* What the task asks: Output the lines of the records exactly, from the first through the one containing "踏著春天的腳步,西華縣的黃泛". Omit all pictures.

Saved entries
== Segment start ==

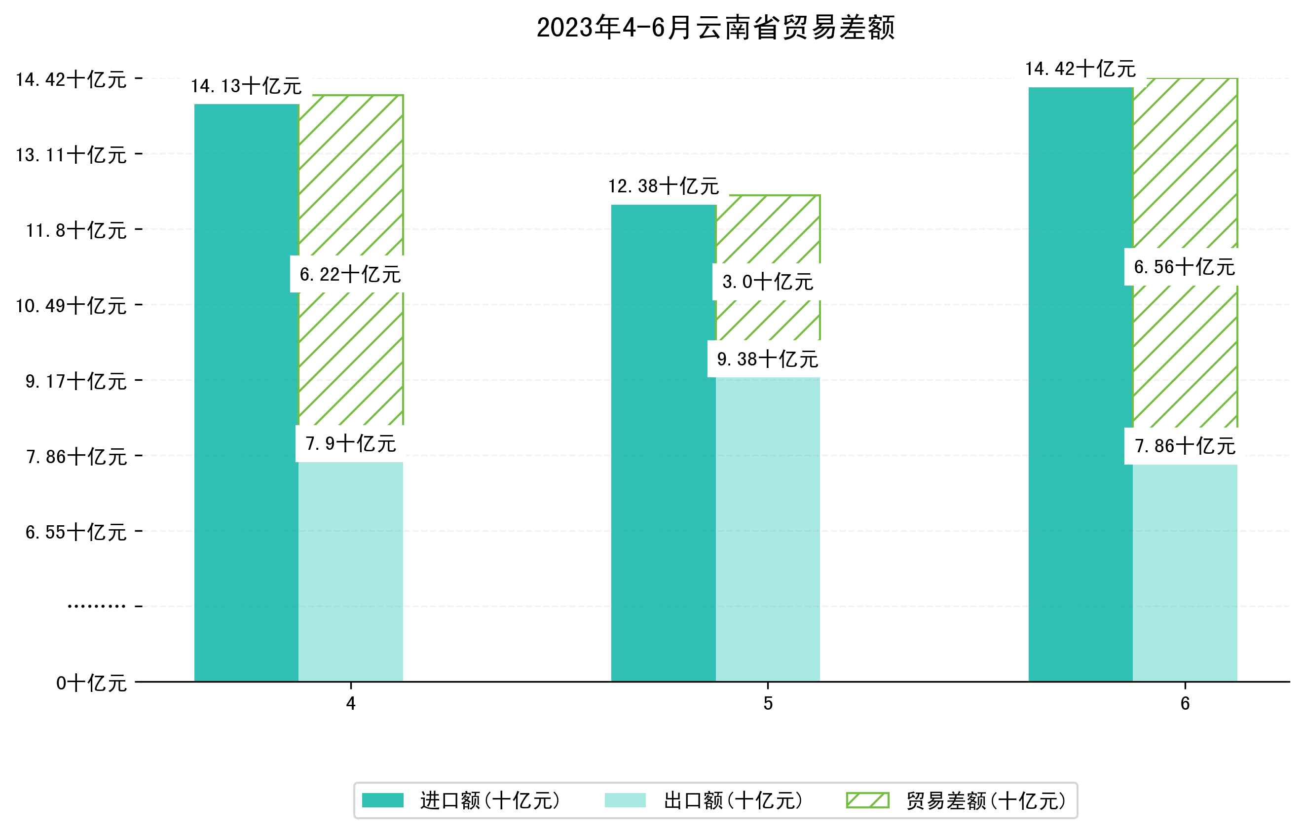 以人民币计,2023年6月云南省贸易差额为65,5833,4355万元(贸易逆差),相比上月减少了35,5381,2776万元,即4,9933,3586万美元;相比上年同期减少了56,2045,9472万元,同比减少599.28%。
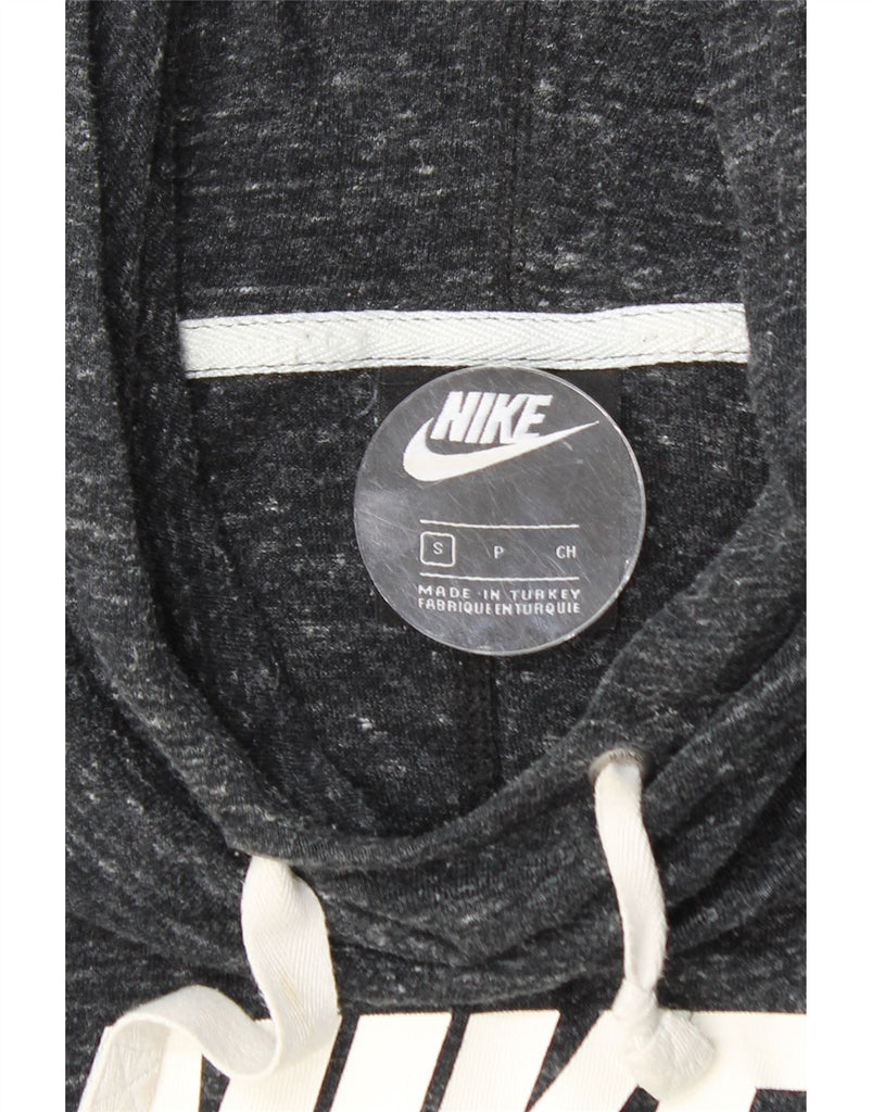NIKE Womens Graphic Hoodie Jumper UK 10 Small Navy Blue Flecked Cotton
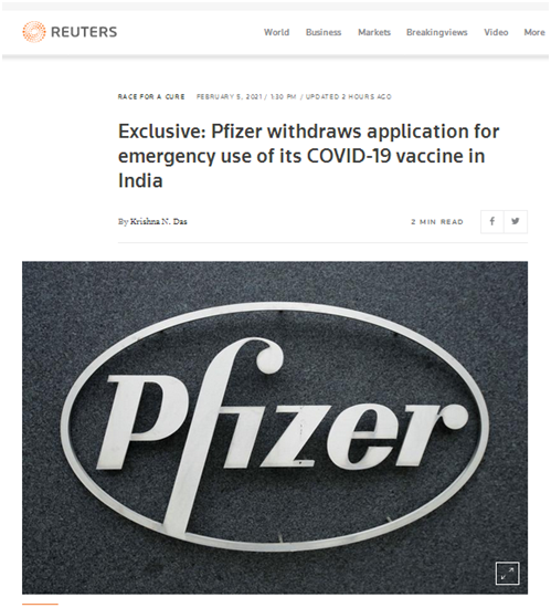 路透社曾报道说,在没有对其疫苗安全性和免疫原性进行小规模本地试验的情况下,中央药品标准控制组织(CDSCO)拒绝接受辉瑞公司的授权申请。辉瑞公司也曾告诉路透社,其应用得到了一项全球研究数据的支持,该研究显示,其新冠疫苗总有效率为95%,且没有出现与疫苗相关的严重安全问题。
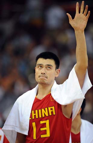 8月20日,中國隊(duì)隊(duì)員姚明在向觀眾致意。
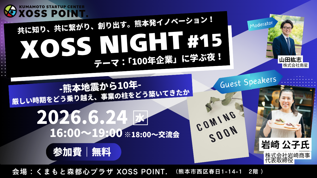 加えて、XOSSPOINT.という「起業‧創業のハブ」となる場所で開催することで、参加者同士の交流を通じたビジネスネットワークの構築と、地域経済の活性化にも寄与することを目指します。
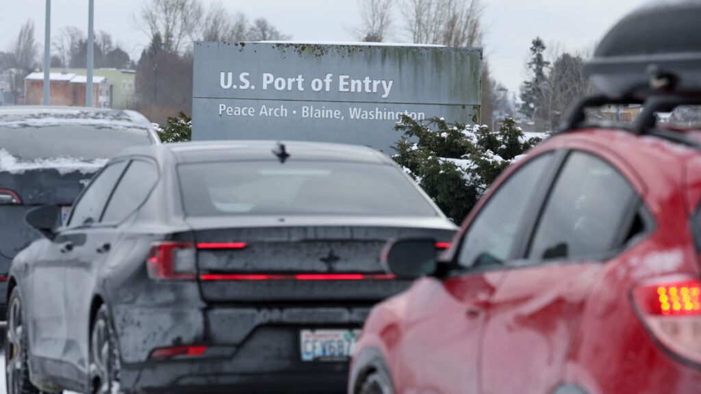 Autojono on ylittänyt Yhdysvaltojen kahden maan ja Salin, British Columbian, Kanadan, 3. helmikuuta 2025 väliseltä rajalta.
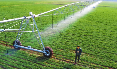 踏著春天的腳步,西華縣的黃泛區(qū)農場高標準農田,綠油油的麥苗一望無際,工作人員正在操作平移式節(jié)水灌溉設備為冬小麥春澆春灌。
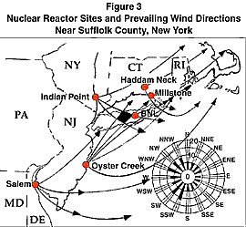 Suffolk was selected because for more than a decade, the county has been the subject of numerous studies in the medical literature, due to consistently high levels of breast cancer incidence and mortality. (20) (21) Rates in the suburban areas of Suffolk and Nassau County (adjacent to the western border of Suffolk) began to exceed even the high rate in New York City beginning in the late 1970s. Moreover, a recent study by RPHP researchers had linked the rise in breast cancer in both Suffolk and Nassau to fission products in the diet and water produced by airborne releases from nearby nuclear plants. (22) Suffolk is the site of the Brookhaven National Laboratory (BNL), a research facility located near the town of Upton in western Suffolk some sixty miles from the eastern end of Long Island. BNL has operated two or three nuclear research reactors at various times since 1951, which have released significant quantities of radioactive elements into the local air, ground and surface waters. As shown in Figure 3, Suffolk is also proximate to several other reactors operating in the 1980s and 1990s. The earliest to begin operation was the Indian Point Plant Unit 1 that started in 1962, followed by the much larger Units 2 and 3 in 1973 and 1976. Located on the Hudson River some 30 miles north of Manhattan, the prevailing winds from the northwest in the winter months move the airborne releases from Indian Point towards western Suffolk, as indicated by the wind distribution measured at BNL shown in Figure 3. Another nuclear plant (Oyster Creek) is located some 60 miles to the southwest on the New Jersey coast near the town of Toms River that began operation in 1969. The prevailing winds in the summer months move from the southwest towards western Long Island, so that the plumes of airborne activity from Oyster Creek cross those from Indian Point in the area of Suffolk just to the west of BNL. Thus the western part of Suffolk receives airborne emissions from three nuclear sites for most of the year, making it the most heavily exposed part of the county. Furthermore, the Oyster Creek plant reported the second highest airborne releases of radionuclides with a physical half life of eight days or more, out of 76 nuclear sites in the nation, with a total of 76.8 curies since 1970. This total far exceeds the 14.2 curies reported for the Three Mile Island Unit 2 during the 1979 accident. (23) It is in this highly exposed area of western Suffolk that 17 out of 18 communities with breast cancer incidence rates above the county average are located, as reported by the New York State Department of Health for the period 1978-87. (22) It is also the area where 19 recent cases of an extremely rare form of childhood cancer (rhabdomyosarcoma) have been identified. (24) Finally, in 11 contiguous five-digit ZIP code areas, which had a 1990 population of 162,187 and was located 10-15 miles northwest of BNL, 79 hospital discharges for cancer in residents age 0-9 occurred in 1997. In comparison, 0 admissions were from easternmost Suffolk, known as the North and South forks (1990 population = 65,416). (25) Two nuclear plants in Connecticut to the north of Suffolk are Haddam Neck near Middletown and Millstone near New London. The three Millstone reactors are only 11 miles north of the northeastern tip of Suffolk County. Although the prevailing winds are directed towards the eastern part of Suffolk only in the winter months, these reactors, like Oyster Creek, have had a substandard record of radioactive emissions, releasing 32.6 curies of long-lived fission products since 1970 - the third highest release among all U.S. nuclear plants. (23) In the winter of 1995-96, the Nuclear Regulatory Commission ordered all three Millstone reactors closed for safety violations. Unit 1 was shut down permanently, while the other two did not operate for 2 ½ and 3 ½ years while extensive physical and management improvements were made. Thyroid cancer, the risk of which is known to be increased after exposure to radioactive iodine found in all reactor emissions, reached significantly high levels in New London (near Millstone) in the late 1980s and early 1990s before the plant was closed. (26) One other nuclear plant along the northeastern Atlantic coast that is less than 100 miles from the Eastern end of Suffolk is the Pilgrim plant 25 miles south of Boston near Plymouth MA. It began operation in 1972 and experienced a series of severe problems, including a major accidental release of radioactive gases in 1982 that was detected all over New England. (27) An abnormally high incidence of leukemia was reported around this plant. (28) Precipitation brings down 90 percent of airborne radioactivity to earth, introducing it into the food chain. (29) Thus the rain and snow in Suffolk recharges the aquifers supplying the drinking water for the wells all over Suffolk county with contamination from radioactive particles released from these facilities. Deciduous teeth, usually shed between the ages of 5 and 12, were selected because they represent a stable calcified tissue similar to bone but in which rates of turnover, exchange, remodeling and accretion are minimal or absent. Thus the deciduous tooth may be considered a stable structure and can thus be taken to reflect the mineral composition acquired at the time of its formation. (5) (6) It can therefore provide information concerning the amount of Sr-90 uptake during the year of the child's birth. A portion of the calcium and Sr-90 is drawn from the mother's bone in addition to the mother's dietary intake during pregnancy, and another portion is derived from the infant's diet in the year after birth for all types of teeth. (5) Thus, for all the purposes of the present study, there is no need to measure incisors, cuspids, and molars separately. Wide variations in Sr-90 occur due to dietary differences and the time of the year when the child is born, (5) so that many teeth are needed to obtain meaningfu

== Segment end ==

* Answer to the exercise:
 以人民币计,2023年6月云南省贸易差额为65,5833,4355万元(贸易逆差),相比上月减少了35,5381,2776万元,即4,9933,3586万美元;相比上年同期减少了56,2045,9472万元,同比减少599.28%。
NIKE Womens Graphic Hoodie Jumper UK 10 Small Navy Blue Flecked Cotton
 路透社曾报道说,在没有对其疫苗安全性和免疫原性进行小规模本地试验的情况下,中央药品标准控制组织(CDSCO)拒绝接受辉瑞公司的授权申请。辉瑞公司也曾告诉路透社,其应用得到了一项全球研究数据的支持,该研究显示,其新冠疫苗总有效率为95%,且没有出现与疫苗相关的严重安全问题。
 8月20日,中國隊(duì)隊(duì)員姚明在向觀眾致意。
 加えて、XOSSPOINT.という「起業‧創業のハブ」となる場所で開催することで、参加者同士の交流を通じたビジネスネットワークの構築と、地域経済の活性化にも寄与することを目指します。
 Autojono on ylittänyt Yhdysvaltojen kahden maan ja Salin, British Columbian, Kanadan, 3. helmikuuta 2025 väliseltä rajalta.
 踏著春天的腳步,西華縣的黃泛區(qū)農場高標準農田,綠油油的麥苗一望無際,工作人員正在操作平移式節(jié)水灌溉設備為冬小麥春澆春灌。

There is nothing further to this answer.